Australia is the worst country that ever the Lord
had the sense to forget. I mean to stick to the country that stuck to
me, when I was starved out of my own dear native land--and that country
is the United States of America. What's Australia? A big, thirsty,
hungry wilderness, with one or two cities for the convenience of foreign
speculators, and a few collections of humpies, called towns--also for
the convenience of foreign speculators; and populated mostly by mongrel
sheep, and partly by fools, who live like European slaves in the towns,
and like dingoes in the bush--who drivel about 'democracy,' and yet
haven't any more spunk than to graft for a few Cockney dudes that
razzle-dazzle most of the time in Paris. Why, the Australians haven't
even got the grit to claim enough of their own money to throw a few dams
across their watercourses, and so make some of the interior fit to live
in. America's bad enough, but it was never so small as that.... Bah! The
curse of Australia is sheep, and the Australian war cry is Baa!"

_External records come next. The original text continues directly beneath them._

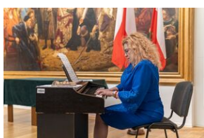
Uroczystość wręczenia Krzyży Wolności i Solidarności – Lublin, 14 grudnia 2021.

– To państwo jesteście tym pokoleniem Polaków, których bieg w sztafecie pokoleń Polaków kończy się niepodległością. (...) W waszych biogramach i życiorysach widzimy ogromne pragnienie wolności, którą spotykało się z równą wobec was wszystkich nienawiścią systemu komunistycznego. Systemu, który was inwigilował, skazywał, internował i więził w komunistycznych więzieniach. Z waszego pragnienia narodziło się zwycięstwo, wolność, i wolna niepodległa Polska – zakończył szef IPN, dr Nawrocki.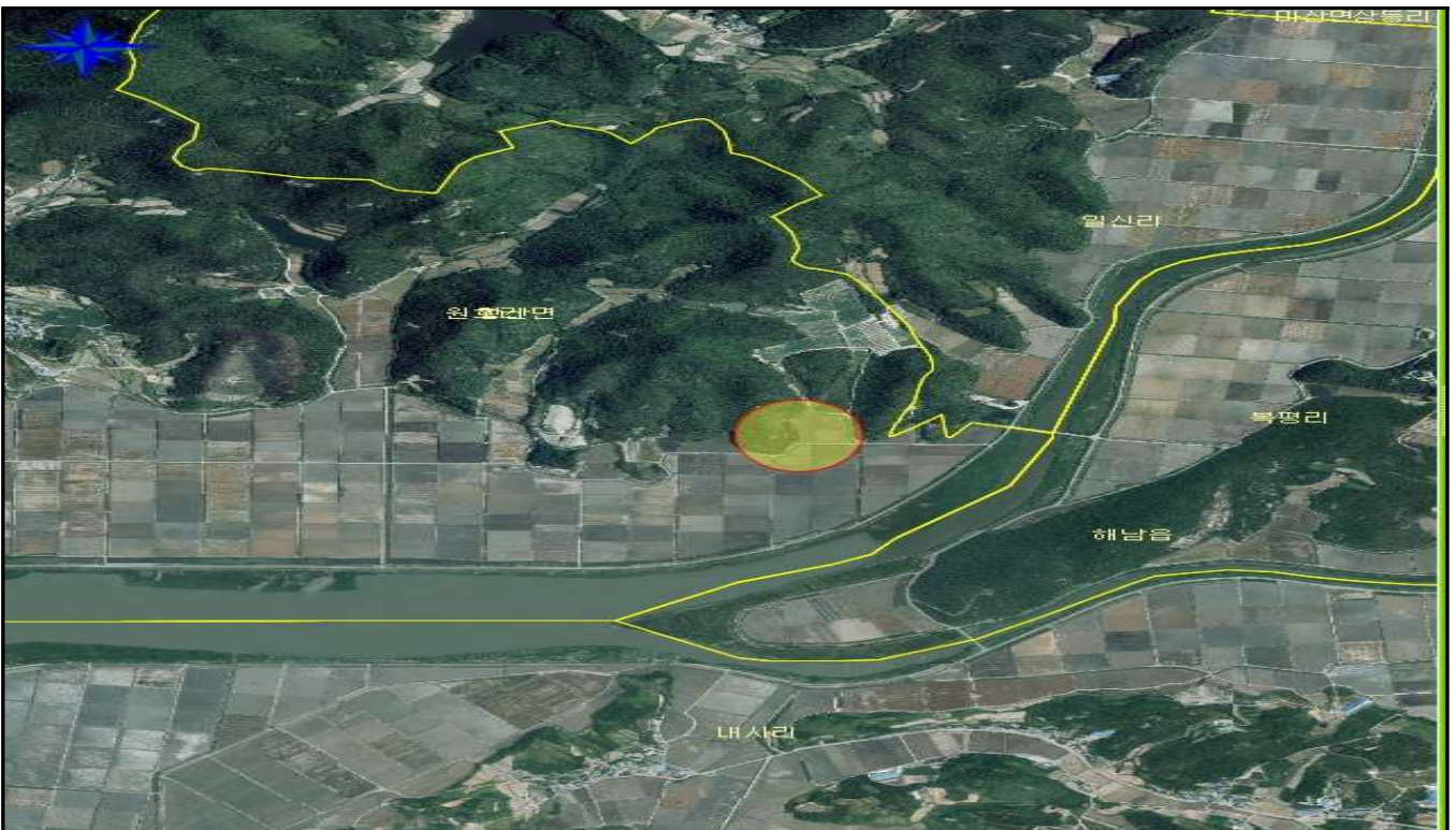
전남 해남군 황산면 원호리 산164-1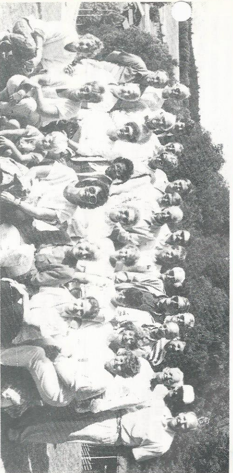
Vi har her samlet deltagerne på tunet på Stiklestad under omvisningen som foregikk lørdag formiddag.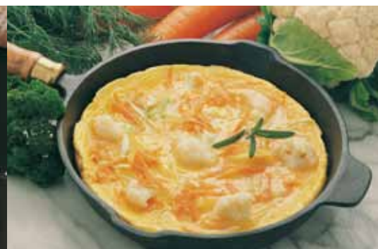
OMELETT - GRØNNSAK-PANNE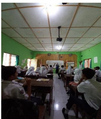
Gambar 2. Pelaksanaan Tournament Cerdas Cermat

game lebih awal, dan memilih soal tournament yang telah disediakan. Soal dikemas disajikan dalam amplop yang berwarna-warni. Anggota kelompok dipilih langsung oleh peneliti melalui nilai pretest yang telah dilakukan sebelum menerapkan model pembelajaran TGT.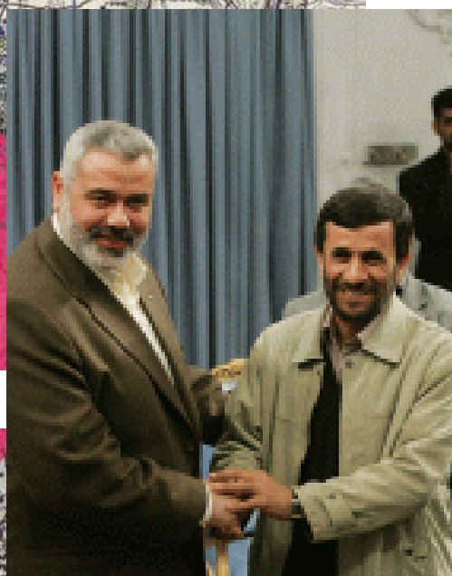
Исмаил Хания и президент Ирана Ахмадмеджад (Агентство новостей Исламской республики, 10 декабря 2006 г.).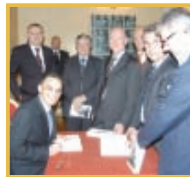
PAG. 5 - MAGDI ALLAM SPIEGA LA SUA CONVERSIONE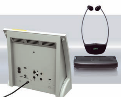
Le récepteur de boucle magnétique LPU-1, réf. A-4276-0 (station de charge, réf. A-4977-0), offre une réception claire directement à l'oreille pour les personnes présentant une déficience auditive et qui ne portent pas de prothèses.

Idéal dans toutes les situations où la discrétion et la confidentialité sont requises. Grâce au combiné, les personnes non appareillées ou malentendantes peuvent également profiter de la cette fonction.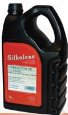
OSMASTON 50 CLASSIC

Visokokvalitetno motorno ulje bez deterdženata.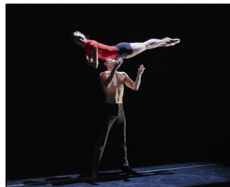
Der vierteilige Ballettabend „[R]Evolution“ am Theater Augsburg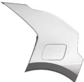
Stahlgrau Metallic (KLG), nur für EV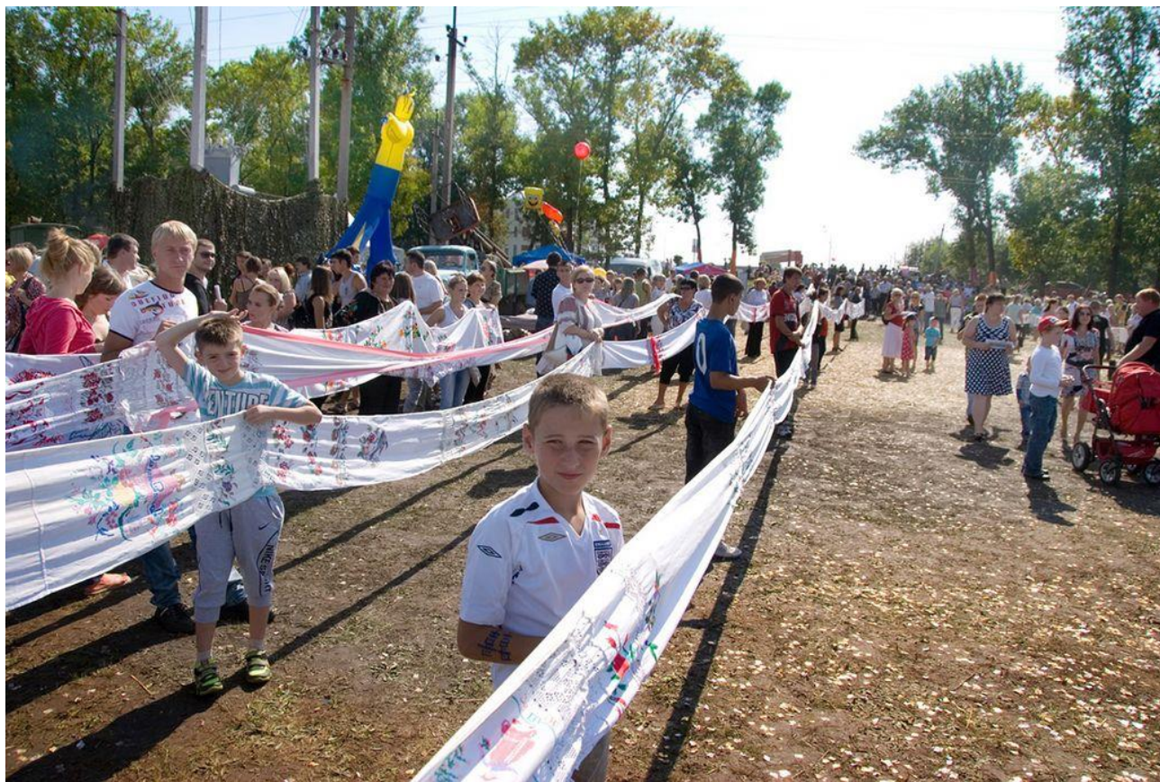
Рис. Г.3. Найдовший весільний рушник на фестивалі «Весілля в Малинівці» 2012 року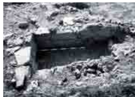
Estructura funeraria 6, Excavación calle Campos Eliseos, Necrópolis de Gibralfaro, Málaga, 1998. Directores: J.A. Martín Ruiz y A. Pérez-Malumbres Landa.

Hipótesis sobre los trazados de la muralla de Malaka (s. VI a.n.e.) y Malaka (s. III d.n.e.) basada en el registro arqueológico.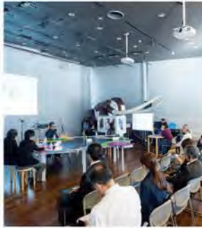
<参考>スマートイルミネーション・サミット2019

象の鼻テラスではKOSUGE1-16の作品展示や、イギリス・香港からゲストを迎えオンライン配信で行うサミットを開催。パークでは、世界と横浜を繋ぐ高橋匡太によるアートプロジェクト「ひかりの実」や、駅・日本大通りと同時多発に展開するスイッチ総研の演劇などを実施します。 ( http://fsp.zounohana.jp/2020/ )

"Well, you're the first man I ever heard talk as you've been doing about
his own country," said the bagman, getting tired and impatient of being
sat on all the time. "'Lives there a man with a soul so dead, who never
said--to--to himself'... I forget the darned thing."
He tried to remember it. The man whose soul was dead cleared his throat
for action, and the driver--for whom the bagman had shouted twice as
against the stranger's once--took the opportunity to observe that he
always thought a man ought to stick up for his own country.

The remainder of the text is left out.